### Extracted data ###

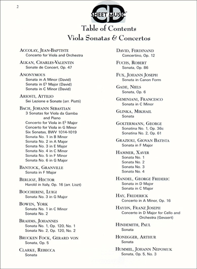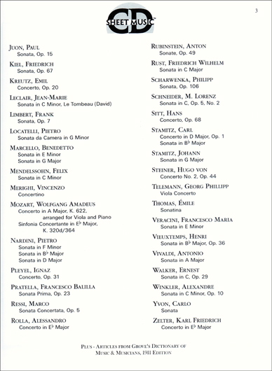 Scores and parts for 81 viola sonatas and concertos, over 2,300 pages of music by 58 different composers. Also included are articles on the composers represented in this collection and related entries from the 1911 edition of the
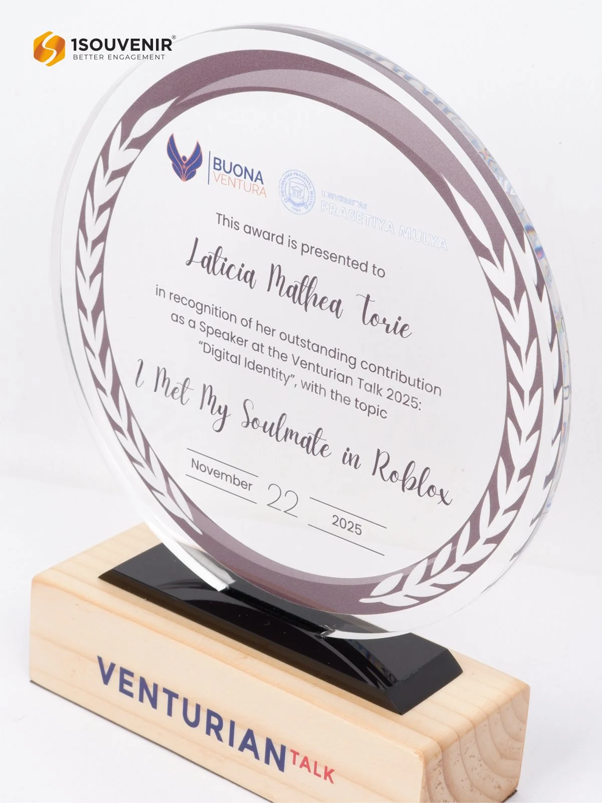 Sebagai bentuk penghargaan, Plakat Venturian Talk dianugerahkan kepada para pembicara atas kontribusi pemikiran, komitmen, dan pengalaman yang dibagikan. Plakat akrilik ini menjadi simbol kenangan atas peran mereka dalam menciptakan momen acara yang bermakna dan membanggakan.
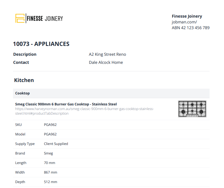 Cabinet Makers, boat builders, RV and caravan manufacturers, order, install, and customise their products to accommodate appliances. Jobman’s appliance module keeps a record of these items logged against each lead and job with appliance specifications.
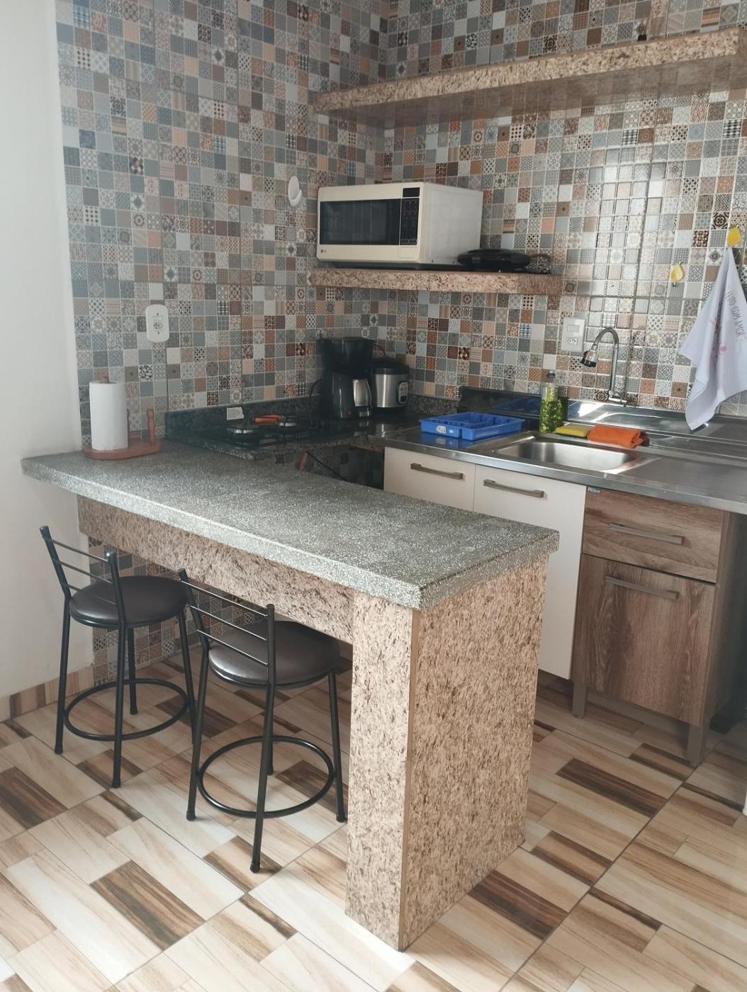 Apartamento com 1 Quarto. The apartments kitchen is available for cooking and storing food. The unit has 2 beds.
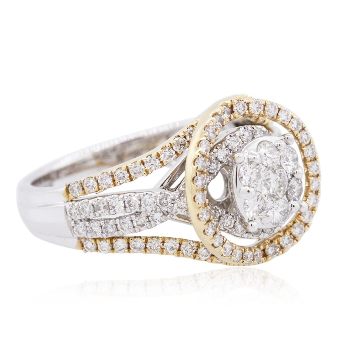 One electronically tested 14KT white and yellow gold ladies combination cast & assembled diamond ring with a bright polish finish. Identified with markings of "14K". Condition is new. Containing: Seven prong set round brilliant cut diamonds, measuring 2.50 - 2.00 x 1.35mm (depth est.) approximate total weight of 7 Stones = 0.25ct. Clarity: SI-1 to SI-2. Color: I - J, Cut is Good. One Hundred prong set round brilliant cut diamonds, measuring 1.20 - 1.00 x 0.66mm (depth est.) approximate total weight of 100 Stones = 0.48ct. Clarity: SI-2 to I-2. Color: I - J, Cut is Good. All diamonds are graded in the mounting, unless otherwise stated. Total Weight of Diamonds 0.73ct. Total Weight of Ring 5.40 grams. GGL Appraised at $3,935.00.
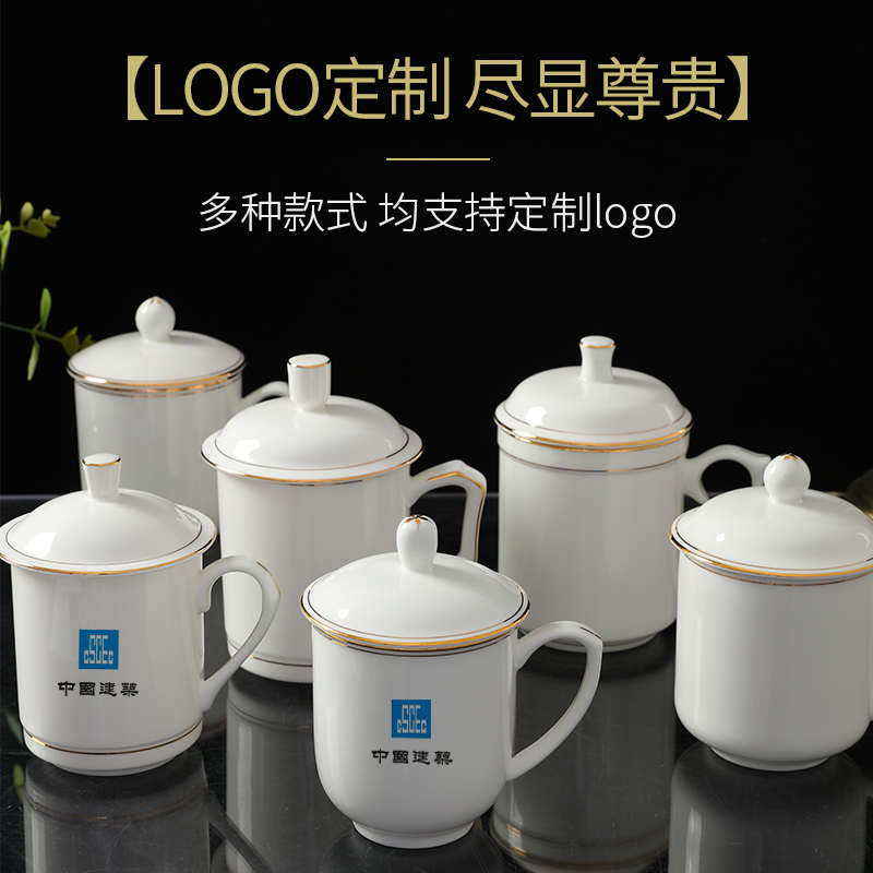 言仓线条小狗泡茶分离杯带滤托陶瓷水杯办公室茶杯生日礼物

###
### Extracted data ###

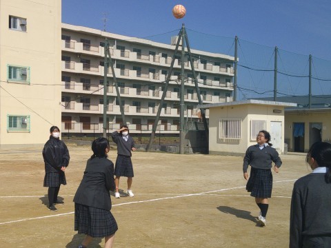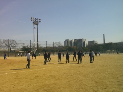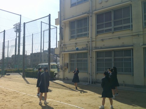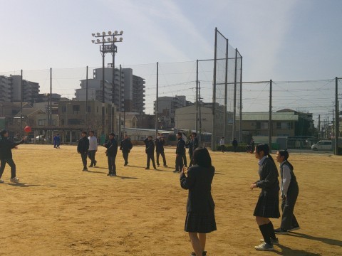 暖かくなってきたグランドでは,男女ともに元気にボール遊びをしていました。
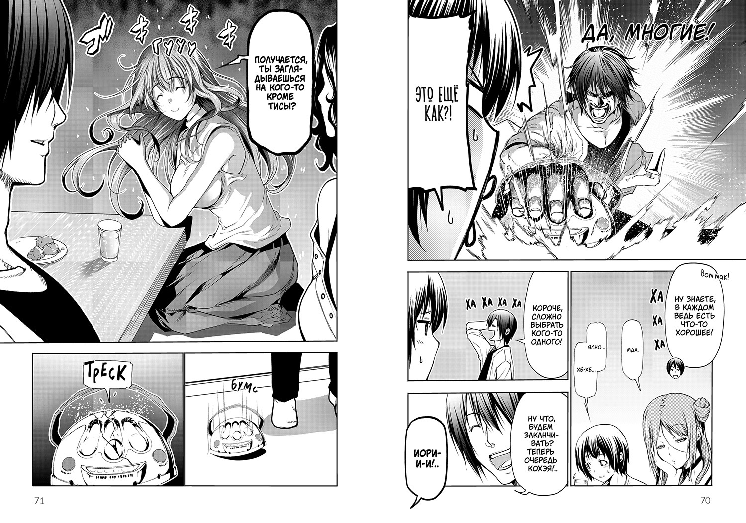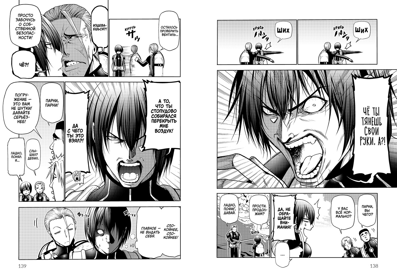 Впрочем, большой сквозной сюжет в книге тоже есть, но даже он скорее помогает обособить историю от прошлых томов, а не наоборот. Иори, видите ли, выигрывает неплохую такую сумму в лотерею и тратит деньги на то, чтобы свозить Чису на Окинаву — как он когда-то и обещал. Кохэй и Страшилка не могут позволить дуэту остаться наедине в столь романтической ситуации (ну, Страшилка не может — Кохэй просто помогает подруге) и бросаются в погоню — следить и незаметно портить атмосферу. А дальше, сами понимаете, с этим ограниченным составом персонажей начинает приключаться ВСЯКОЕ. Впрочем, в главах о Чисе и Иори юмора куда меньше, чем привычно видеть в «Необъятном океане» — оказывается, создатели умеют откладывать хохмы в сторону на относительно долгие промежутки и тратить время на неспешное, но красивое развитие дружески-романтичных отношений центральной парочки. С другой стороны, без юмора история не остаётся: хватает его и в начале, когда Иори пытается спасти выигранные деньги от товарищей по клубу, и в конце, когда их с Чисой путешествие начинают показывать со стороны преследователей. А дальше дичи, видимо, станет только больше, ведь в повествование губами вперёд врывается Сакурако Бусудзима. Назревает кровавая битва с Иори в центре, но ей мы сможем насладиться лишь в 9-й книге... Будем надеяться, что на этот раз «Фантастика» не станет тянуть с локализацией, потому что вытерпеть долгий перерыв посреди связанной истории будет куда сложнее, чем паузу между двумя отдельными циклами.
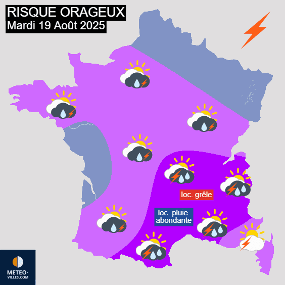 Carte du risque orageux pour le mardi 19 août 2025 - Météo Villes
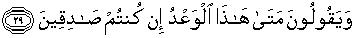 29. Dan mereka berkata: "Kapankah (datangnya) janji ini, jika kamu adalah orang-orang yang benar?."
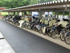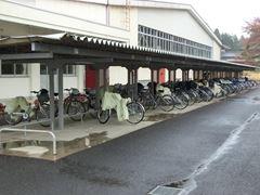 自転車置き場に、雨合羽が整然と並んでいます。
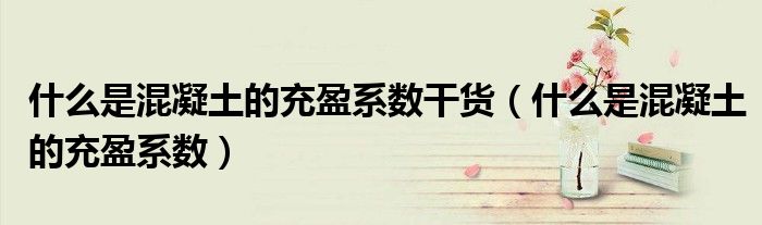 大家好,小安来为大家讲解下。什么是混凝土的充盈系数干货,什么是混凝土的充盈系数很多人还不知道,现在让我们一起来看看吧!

###
### Extracted data ###

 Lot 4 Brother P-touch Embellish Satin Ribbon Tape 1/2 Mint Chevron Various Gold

###

## What this task involves
Word for word, restate the lines above from the one with "自転車置き場に、雨合羽が整然と並んでいます。" through the one with "大家好,小安来为大家讲解下。", keeping both ends and dropping the pictures.

## Result below
 自転車置き場に、雨合羽が整然と並んでいます。
 大家好,小安来为大家讲解下。什么是混凝土的充盈系数干货,什么是混凝土的充盈系数很多人还不知道,现在让我们一起来看看吧!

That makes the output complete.